» What the task requires:
Could you print all the entries below exactly as they appear, omitting the pictures?

↓

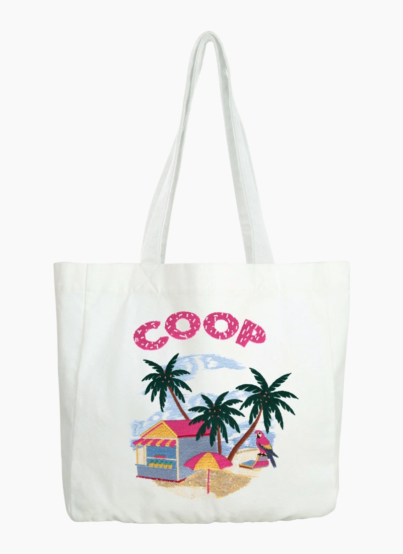 - White/Pink from COOP. This roomy canvas tote brings playful, beach-ready charm to every summer outing.
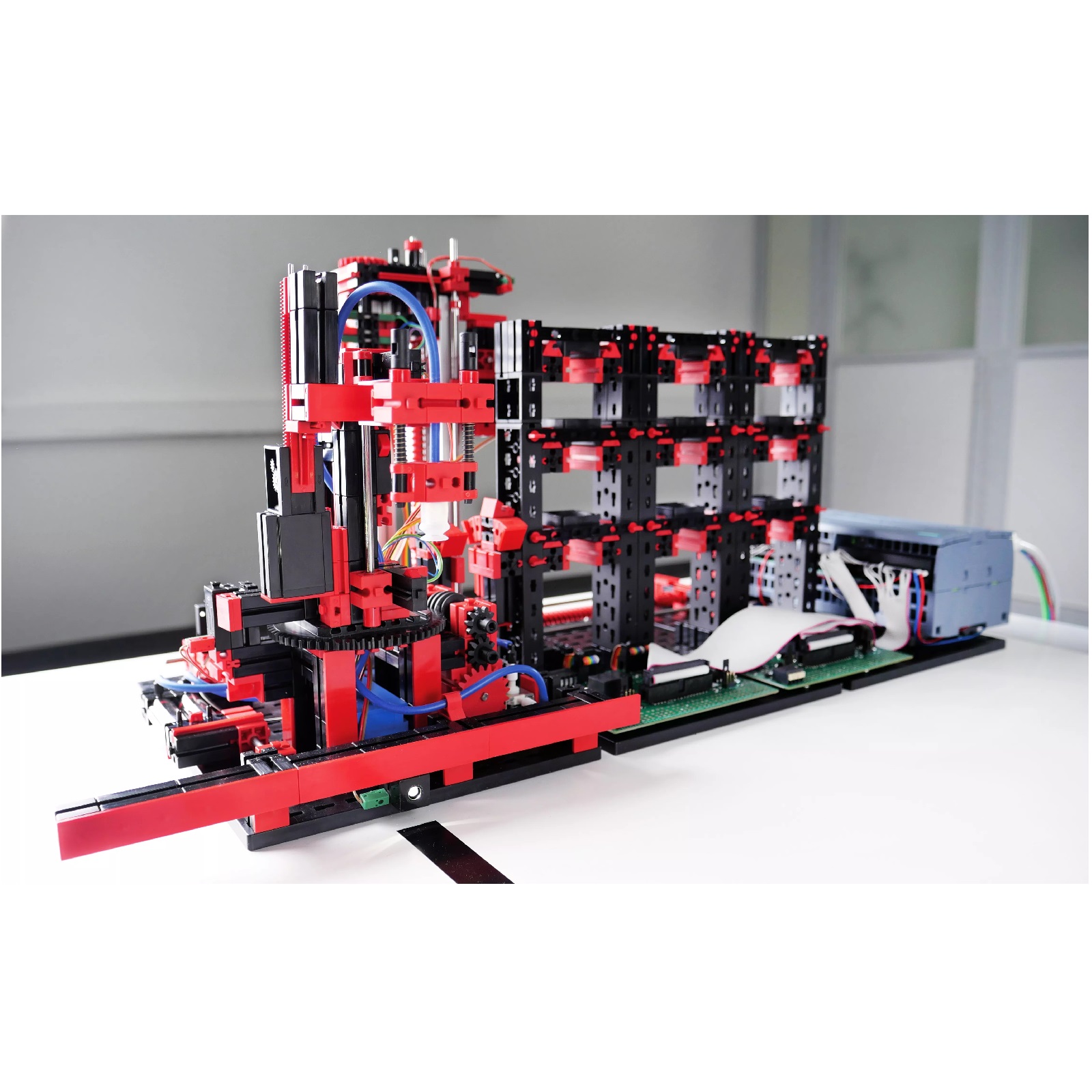 Agile Production Simulation 24V Η αποτελεσματικότητα, η ευκινησία και η ευελιξία είναι απαραίτητες για την κατασκευή σημερινών και μελλοντικών εργοστασίων. Η fischertechnik παρουσιάζει τώρα ένα μοντέλο εκπαίδευσης ενός τόσο ευέλικτου και αρθρωτού εργοστασίου – το Agile Production Simulation (προσομοίωση ευέλικτου εργοστασίου παραγωγής). Το εργοστάσιο αποτελείται από επιμέρους ενότητες όπως εισερχόμενα και εξερχόμενα αγαθά, αποθήκη υψηλών προδιαγραφών, σταθμό φρεζαρίσματος, σταθμό γεωτρήσεων, διασφάλιση ποιότητας με AI. Ένα σύστημα μεταφοράς χωρίς οδηγό μεταφέρει με ευκολία τα τεμάχια εργασίας μεταξύ των επιμέρους σταθμών και διασφαλίζει μια ευέλικτη διαδικασία παραγωγής που μπορεί να προσαρμοστεί στις απαιτήσεις των πελατών. Το εργοστάσιο μπορεί να επεκταθεί ώστε να περιλαμβάνει έναν κλίβανο, πρόσθετους σταθμούς γεώτρησης ή φρεζαρίσματος και επιπλέον συστήματα μεταφοράς χωρίς οδηγό. Κάθε κατεργαζόμενο τεμάχιο περιέχει μια ετικέτα NFC στην οποία αναγράφονται τα δεδομένα παραγωγής (χρώμα του τεμαχίου εργασίας, χρόνος παράδοσης, χρόνος αποθήκευσης και ανάκτησης, στάδια παραγωγής που πραγματοποιήθηκαν, έλεγχος ποιότητας). Τα διαφορετικά χρωματισμένα τεμάχια εργασίας (λευκό, κόκκινο, μπλε) περνούν από διαφορετικές διαδικασίες παραγωγής και έτσι περνούν από διαφορετικούς σταθμούς στο εργοστάσιο και έχουν διαφορετικούς χρόνους διεκπεραίωσης.Εργοστάσιο Παραγωγής
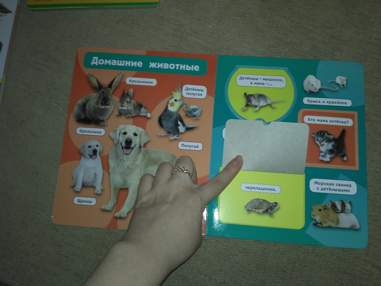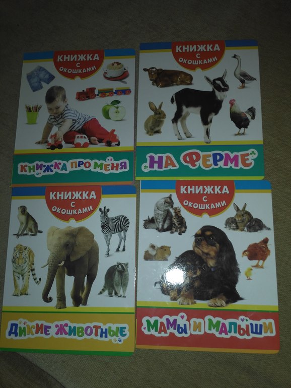 На самом деле серия больше. Есть и цифры, буквы, машины, первые слова, домашние животные и цвета и формы. Формат небольшой, на фото непонятно, но они квадратные. Картон. Плотный, и даже окошечки не настолько тонкие, чтобы их малыш мог их легко оторвать.
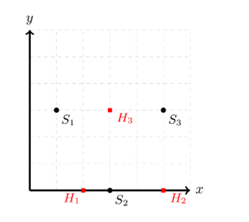 如下圖為一 $n = 3$ 且 $m = 3$ 的例子,其中正方形的點 $H_1, H_2, H_3$ 分別代表房屋 $1, 2, 3$,圓點 $S_1, S_2, S_3$ 則分別代表捷運站 $1, 2, 3$ 的位置。並且:
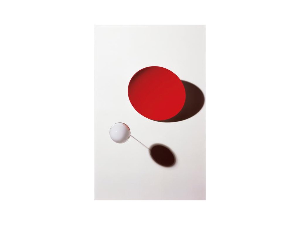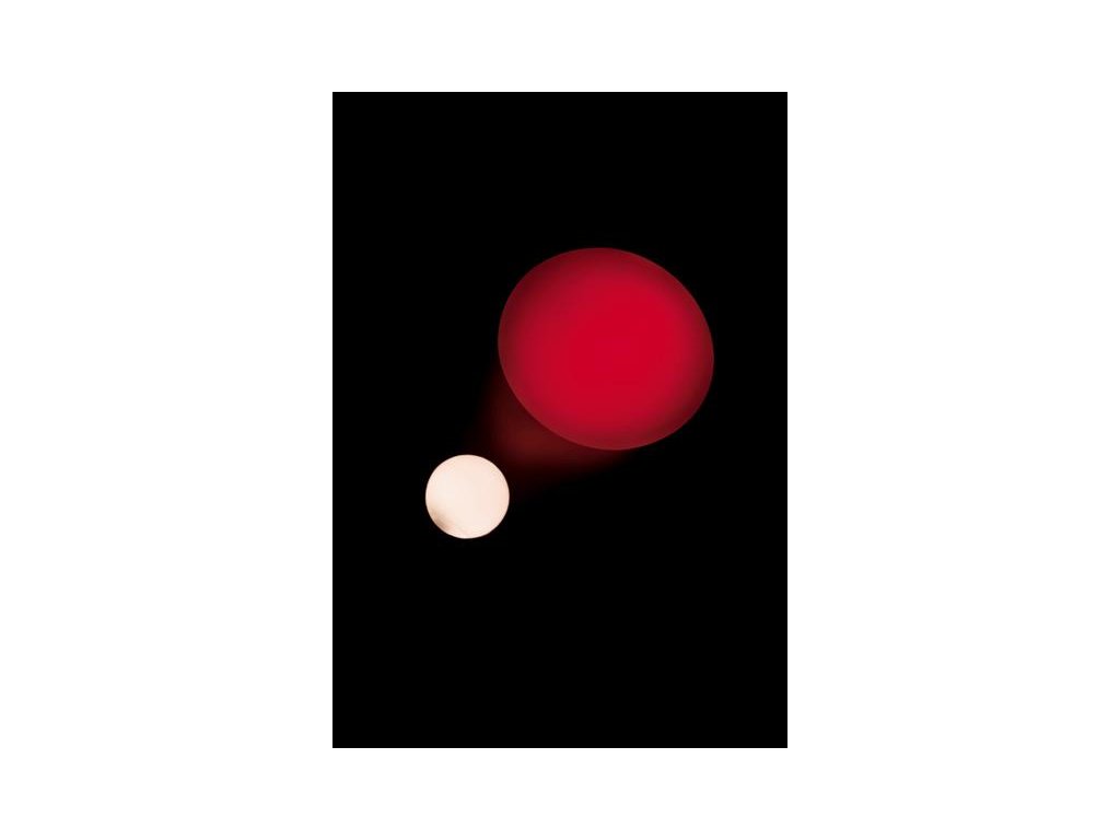 Metal, glass. Illuminated out of an opaline glass ball 8,5cm in diameter, a red-pigmented bowl seems to be floating three-dimensionally on the wall.
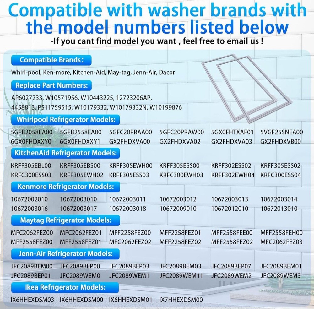UPC:Does not applyModel:Whirlpool Jenn Air Maytag Kenmore Brand:ArlbaSet Includes:Seal/GasketMaterial:EPDMSize:W 16-7/8 (in) * H 39-3/8 (in)gtin13:Does not applyNumber of Items in Set:1Color:GrayPackage Note:You Will Receive 1 PackageType:Refrigerator Door GasketSuitable For:Refrigerator
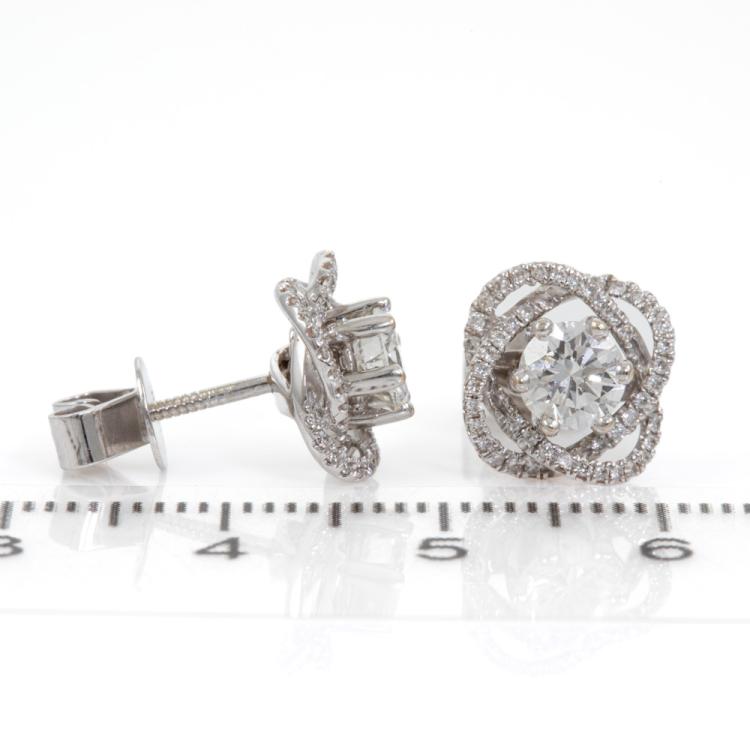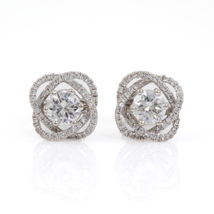 Diamond halo set earring with 2 centre round natural Diamonds totalling 0.90cts (Estimated grading: G VS) and surrounding round natural Diamonds totalling approx. 0.50cts (Estimated grading: G-H SI). 18ct white gold with 18ct white gold backs. Weight: 3.5g. (Pre-owned)
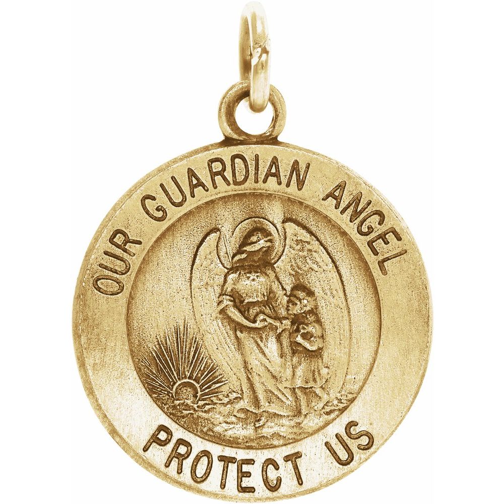 Description: 14k Yellow Gold 15mm Guardian Angel Medal
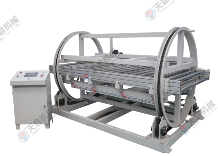 適用于平面門板、櫥柜側(cè)板、硅酸蓋板、玻鎂板、水泥纖維板等板式工件,配套連線作業(yè)時(shí)進(jìn)行180°自動(dòng)翻面1.翻轉(zhuǎn)電機(jī)1.5KW(帶抱閘),輸送電機(jī)0.75KW。2.翻轉(zhuǎn)傳動(dòng)鏈條采用16A鏈條,承載能力高,動(dòng)載荷大。3.采用獨(dú)立電箱控制,操作控制簡單方便4.設(shè)備兩側(cè)具有鋼絲網(wǎng)保護(hù),提高設(shè)備安全性能
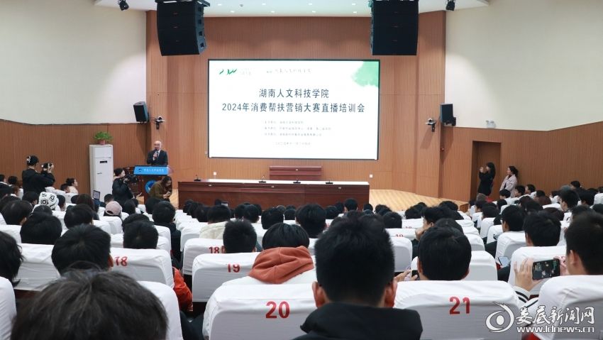 为提升参赛学生的营销技能,助力消费帮扶事业,11月24日晚,beat365中文官方网站成功举办了2024年消费帮扶营销大赛第一场直播培训会,学校创新创业指导中心负责人、各二级学院指导老师和学生代表近400人齐聚匠成楼报告厅,共同参加此次活动。
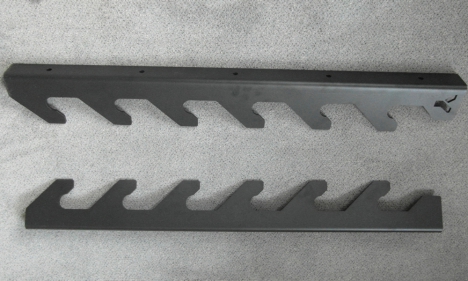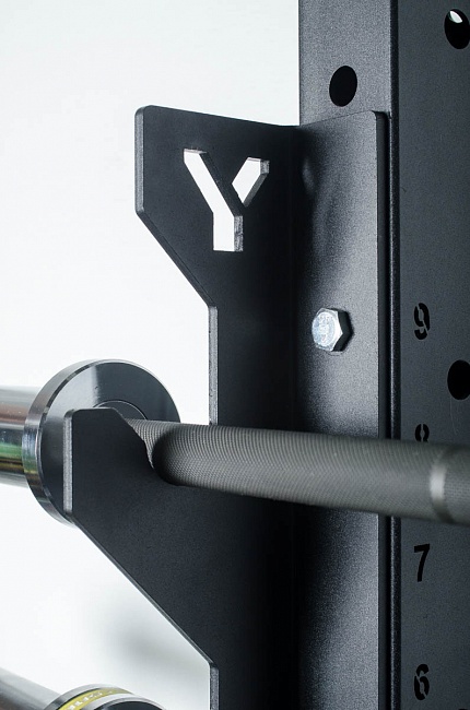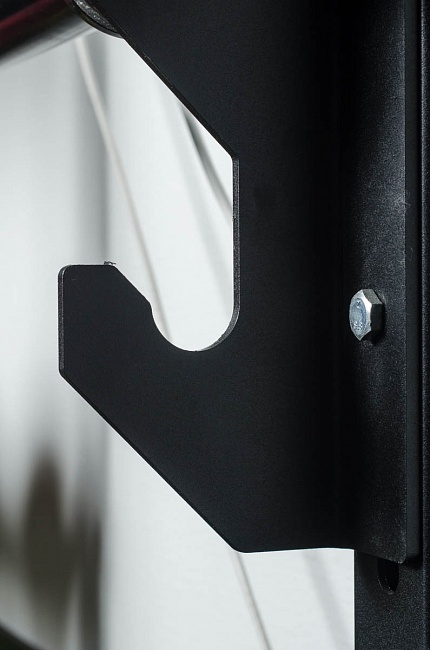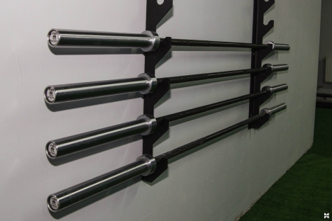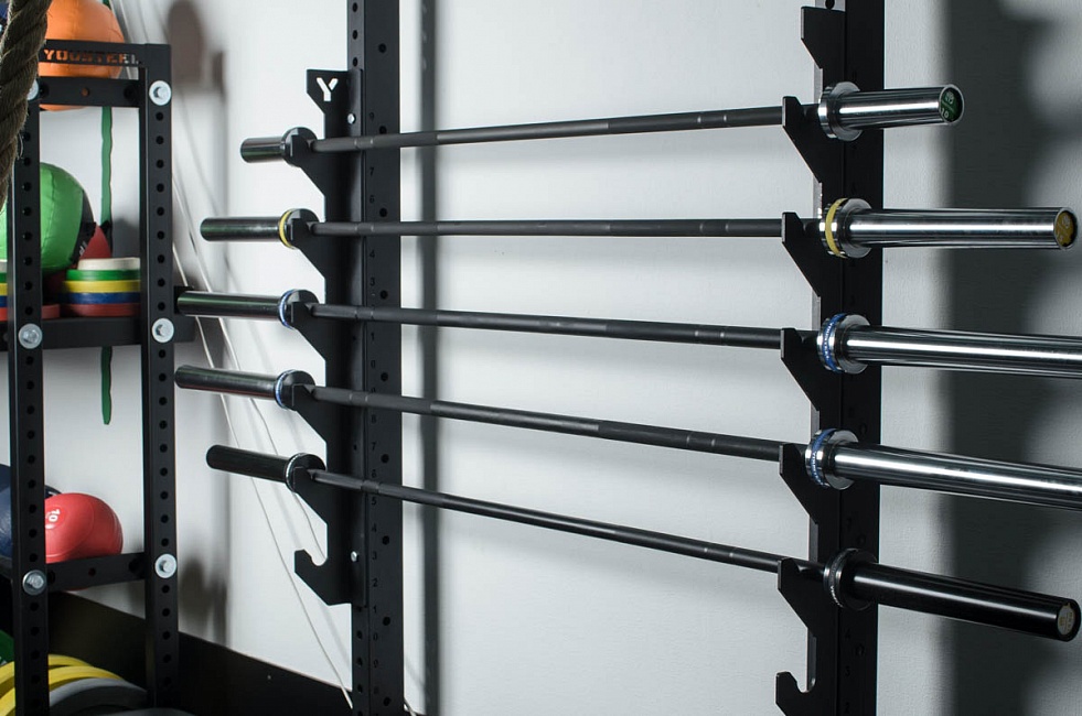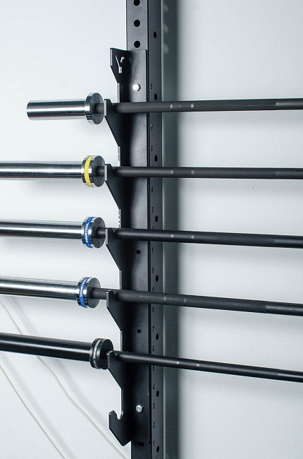 Кстати, о штангах. Настенный кронштейн для хранения грифов &mdash наиболее эффективное решение, с точки зрения организации пространства. Прикрепив его на стену один раз, вы сможете держать до 8 снарядов в одном месте (в данном случае 6), не беспокоясь за их сохранность и высвобождение дополнительного места.

↑

» Solved exercise:
 - White/Pink from COOP. This roomy canvas tote brings playful, beach-ready charm to every summer outing.
 Agile Production Simulation 24V Η αποτελεσματικότητα, η ευκινησία και η ευελιξία είναι απαραίτητες για την κατασκευή σημερινών και μελλοντικών εργοστασίων. Η fischertechnik παρουσιάζει τώρα ένα μοντέλο εκπαίδευσης ενός τόσο ευέλικτου και αρθρωτού εργοστασίου – το Agile Production Simulation (προσομοίωση ευέλικτου εργοστασίου παραγωγής). Το εργοστάσιο αποτελείται από επιμέρους ενότητες όπως εισερχόμενα και εξερχόμενα αγαθά, αποθήκη υψηλών προδιαγραφών, σταθμό φρεζαρίσματος, σταθμό γεωτρήσεων, διασφάλιση ποιότητας με AI. Ένα σύστημα μεταφοράς χωρίς οδηγό μεταφέρει με ευκολία τα τεμάχια εργασίας μεταξύ των επιμέρους σταθμών και διασφαλίζει μια ευέλικτη διαδικασία παραγωγής που μπορεί να προσαρμοστεί στις απαιτήσεις των πελατών. Το εργοστάσιο μπορεί να επεκταθεί ώστε να περιλαμβάνει έναν κλίβανο, πρόσθετους σταθμούς γεώτρησης ή φρεζαρίσματος και επιπλέον συστήματα μεταφοράς χωρίς οδηγό. Κάθε κατεργαζόμενο τεμάχιο περιέχει μια ετικέτα NFC στην οποία αναγράφονται τα δεδομένα παραγωγής (χρώμα του τεμαχίου εργασίας, χρόνος παράδοσης, χρόνος αποθήκευσης και ανάκτησης, στάδια παραγωγής που πραγματοποιήθηκαν, έλεγχος ποιότητας). Τα διαφορετικά χρωματισμένα τεμάχια εργασίας (λευκό, κόκκινο, μπλε) περνούν από διαφορετικές διαδικασίες παραγωγής και έτσι περνούν από διαφορετικούς σταθμούς στο εργοστάσιο και έχουν διαφορετικούς χρόνους διεκπεραίωσης.Εργοστάσιο Παραγωγής
 На самом деле серия больше. Есть и цифры, буквы, машины, первые слова, домашние животные и цвета и формы. Формат небольшой, на фото непонятно, но они квадратные. Картон. Плотный, и даже окошечки не настолько тонкие, чтобы их малыш мог их легко оторвать.
 如下圖為一 $n = 3$ 且 $m = 3$ 的例子,其中正方形的點 $H_1, H_2, H_3$ 分別代表房屋 $1, 2, 3$,圓點 $S_1, S_2, S_3$ 則分別代表捷運站 $1, 2, 3$ 的位置。並且:
 Metal, glass. Illuminated out of an opaline glass ball 8,5cm in diameter, a red-pigmented bowl seems to be floating three-dimensionally on the wall.
UPC:Does not applyModel:Whirlpool Jenn Air Maytag Kenmore Brand:ArlbaSet Includes:Seal/GasketMaterial:EPDMSize:W 16-7/8 (in) * H 39-3/8 (in)gtin13:Does not applyNumber of Items in Set:1Color:GrayPackage Note:You Will Receive 1 PackageType:Refrigerator Door GasketSuitable For:Refrigerator
 Diamond halo set earring with 2 centre round natural Diamonds totalling 0.90cts (Estimated grading: G VS) and surrounding round natural Diamonds totalling approx. 0.50cts (Estimated grading: G-H SI). 18ct white gold with 18ct white gold backs. Weight: 3.5g. (Pre-owned)
 Description: 14k Yellow Gold 15mm Guardian Angel Medal
 適用于平面門板、櫥柜側(cè)板、硅酸蓋板、玻鎂板、水泥纖維板等板式工件,配套連線作業(yè)時(shí)進(jìn)行180°自動(dòng)翻面1.翻轉(zhuǎn)電機(jī)1.5KW(帶抱閘),輸送電機(jī)0.75KW。2.翻轉(zhuǎn)傳動(dòng)鏈條采用16A鏈條,承載能力高,動(dòng)載荷大。3.采用獨(dú)立電箱控制,操作控制簡單方便4.設(shè)備兩側(cè)具有鋼絲網(wǎng)保護(hù),提高設(shè)備安全性能
 为提升参赛学生的营销技能,助力消费帮扶事业,11月24日晚,beat365中文官方网站成功举办了2024年消费帮扶营销大赛第一场直播培训会,学校创新创业指导中心负责人、各二级学院指导老师和学生代表近400人齐聚匠成楼报告厅,共同参加此次活动。
 Кстати, о штангах. Настенный кронштейн для хранения грифов &mdash наиболее эффективное решение, с точки зрения организации пространства. Прикрепив его на стену один раз, вы сможете держать до 8 снарядов в одном месте (в данном случае 6), не беспокоясь за их сохранность и высвобождение дополнительного места.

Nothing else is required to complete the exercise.